PhraseHunter::StatisticsEngine Class Reference

Class that provides functionality to do statistical calculations on a corpus. More...

#include <statistics.h>

Collaboration diagram for PhraseHunter::StatisticsEngine:


Public Member Functions
	StatisticsEngine (SearchEngine , ContextReader , SQLitePP::SqliteDB &db)
	Constructor. Should not be called directly. Instead, use CorpusManager::statisticsEngine().
	~StatisticsEngine ()
unsigned int	rank (TokenPtr) const
	Returns the rank of a Token.
unsigned int	overallFrequency (TokenPtr) const
	Returns the frequency count of a Token.
unsigned int	frequency_x_intersection_y (TokenPtr, TokenPtr) const
	Returns the frequency count of the intersection of two Token. The size of the intersection is determined by the number of times the offsets of the two tokens are not further apart than getContextSize().
double	relative_frequency (TokenPtr) const
	Returns the relative frequency of the Token.
double	mle_x_intersection_y (TokenPtr, TokenPtr) const
	Returns the probability of the intersection of two tokens according to maximum likelyhood estimation.
double	mle_x_given_y (TokenPtr, TokenPtr) const
	Returns the probability of one Token occuring given the other had occurred according to maximum likelyhood estimation.
unsigned int	getSizeOfSampleSpace () const
	Returns the size of the sample space, i.e. the number of all word tokens and everything else that is considered a token.
int	getContextSize () const
	Returns the max number of bytes two Tokens may be apart to be considered intersecting.
double	getAverageWordLength () const
	Returns the average word length in bytes.
unsigned int	getNumberOfDocuments () const
	Returns the number of Documents in the corpus.
unsigned int	getNumberOfTypes () const
	Returns the number of word types (and everything else considered a token) as opposed to word tokens.
void	setNumberContextWords (int words)
	Set how large the context may be within which two tokens may be considered intersecting.
std::map< schma::UnicodePtr, int >	getContextVector (TokenPtr t, int contextlen) const
	Get all context strings for a particular Token.
double	mutual_information (const TokenPtr &token, const std::map< schma::UnicodePtr, int > &contextVec, schma::UnicodePtr context) const
	Returns the pointwise mutual information of a Token and a particular context.
double	similarity (TokenPtr t1, TokenPtr t2, int contextlen) const
	Calculate the similarity between two tokens.
std::multimap< double, TokenPtr >	similarTokens (TokenPtr t, int contextlen) const
	Find all Tokens that are semantically similar to a particular Token.
Static Public Member Functions
static unsigned int	sizeOfDocSet (const TokenVector &)
Private Member Functions
unsigned	freq_intersection_in_doc (const PositionList &, const PositionList &) const
TokenVector	getCandidates (TokenPtr) const
std::pair< unsigned int, unsigned int >	contextBounds (unsigned int position, int numWord) const
Private Attributes
unsigned int	m_sizeOfSampleSpace
double	m_averageWordLength
unsigned int	m_numberOfDocuments
unsigned int	m_numberOfTypes
unsigned int	m_contextWindow
SearchEngine *	m_searcher
ContextReader *	m_reader
SQLitePP::SqliteDB &	m_db
Static Private Attributes
static const int	MAX_CANDIDATES = 1000
static const int	MAX_DEPENDENTS = 20

Detailed Description

Class that provides functionality to do statistical calculations on a corpus.

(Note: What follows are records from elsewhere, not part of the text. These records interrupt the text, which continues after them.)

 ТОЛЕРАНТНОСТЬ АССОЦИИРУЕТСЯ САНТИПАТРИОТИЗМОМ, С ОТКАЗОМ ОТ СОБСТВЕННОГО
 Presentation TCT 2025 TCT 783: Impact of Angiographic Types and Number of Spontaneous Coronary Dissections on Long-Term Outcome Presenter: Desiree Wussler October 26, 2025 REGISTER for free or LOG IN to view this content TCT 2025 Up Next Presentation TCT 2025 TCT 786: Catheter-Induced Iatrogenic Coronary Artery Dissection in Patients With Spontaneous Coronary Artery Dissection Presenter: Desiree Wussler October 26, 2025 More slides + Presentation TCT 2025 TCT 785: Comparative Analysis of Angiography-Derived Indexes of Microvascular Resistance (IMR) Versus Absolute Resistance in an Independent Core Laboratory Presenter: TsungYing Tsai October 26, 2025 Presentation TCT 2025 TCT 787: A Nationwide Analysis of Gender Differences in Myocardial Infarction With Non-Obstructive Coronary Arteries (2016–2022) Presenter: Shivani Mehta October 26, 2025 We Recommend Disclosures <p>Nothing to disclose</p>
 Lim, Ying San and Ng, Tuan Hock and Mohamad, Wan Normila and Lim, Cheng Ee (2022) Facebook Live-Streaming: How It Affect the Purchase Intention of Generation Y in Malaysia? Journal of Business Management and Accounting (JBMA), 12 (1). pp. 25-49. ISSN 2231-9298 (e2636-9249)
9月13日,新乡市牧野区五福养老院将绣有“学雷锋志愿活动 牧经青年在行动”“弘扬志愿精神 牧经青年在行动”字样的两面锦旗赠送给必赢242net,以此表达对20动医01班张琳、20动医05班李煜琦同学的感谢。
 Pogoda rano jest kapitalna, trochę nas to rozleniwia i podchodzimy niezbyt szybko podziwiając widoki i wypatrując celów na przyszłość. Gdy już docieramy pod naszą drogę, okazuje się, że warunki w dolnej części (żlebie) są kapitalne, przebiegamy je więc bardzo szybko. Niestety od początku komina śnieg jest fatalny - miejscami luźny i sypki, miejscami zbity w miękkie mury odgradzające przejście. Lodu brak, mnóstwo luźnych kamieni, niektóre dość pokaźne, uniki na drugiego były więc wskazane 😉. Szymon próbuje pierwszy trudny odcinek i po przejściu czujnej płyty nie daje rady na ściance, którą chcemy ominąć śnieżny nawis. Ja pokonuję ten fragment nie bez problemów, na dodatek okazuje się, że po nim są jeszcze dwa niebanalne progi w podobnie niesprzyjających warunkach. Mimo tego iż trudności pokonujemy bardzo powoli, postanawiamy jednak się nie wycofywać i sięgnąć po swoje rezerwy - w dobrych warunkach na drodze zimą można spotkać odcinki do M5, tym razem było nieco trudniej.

Definition at line 32 of file statistics.h.

Constructor & Destructor Documentation

PhraseHunter::StatisticsEngine::StatisticsEngine	(	SearchEngine *	,
		ContextReader *	,
		SQLitePP::SqliteDB &	db
	)

Constructor. Should not be called directly. Instead, use CorpusManager::statisticsEngine().

Definition at line 61 of file statistics.cpp.

References SQLitePP::ResultIterator::get(), m_averageWordLength, m_contextWindow, m_db, m_numberOfDocuments, m_numberOfTypes, m_sizeOfSampleSpace, and SQLitePP::SqliteDB::statement().

PhraseHunter::StatisticsEngine::~StatisticsEngine ( ) [inline]

Definition at line 37 of file statistics.h.

Member Function Documentation

unsigned int PhraseHunter::StatisticsEngine::rank ( TokenPtr ) const

Returns the rank of a Token.

Definition at line 86 of file statistics.cpp.

References SQLitePP::ResultIterator::get(), m_db, m_searcher, and SQLitePP::SqliteDB::statement().

Referenced by SearchTab::search().

unsigned int PhraseHunter::StatisticsEngine::overallFrequency ( TokenPtr ) const

Returns the frequency count of a Token.

Definition at line 98 of file statistics.cpp.

References SQLitePP::ResultIterator::get(), m_db, m_searcher, and SQLitePP::SqliteDB::statement().

Referenced by mutual_information(), and relative_frequency().

unsigned int PhraseHunter::StatisticsEngine::frequency_x_intersection_y	(	TokenPtr	,
		TokenPtr
	)			const

Returns the frequency count of the intersection of two Token. The size of the intersection is determined by the number of times the offsets of the two tokens are not further apart than getContextSize().

Definition at line 110 of file statistics.cpp.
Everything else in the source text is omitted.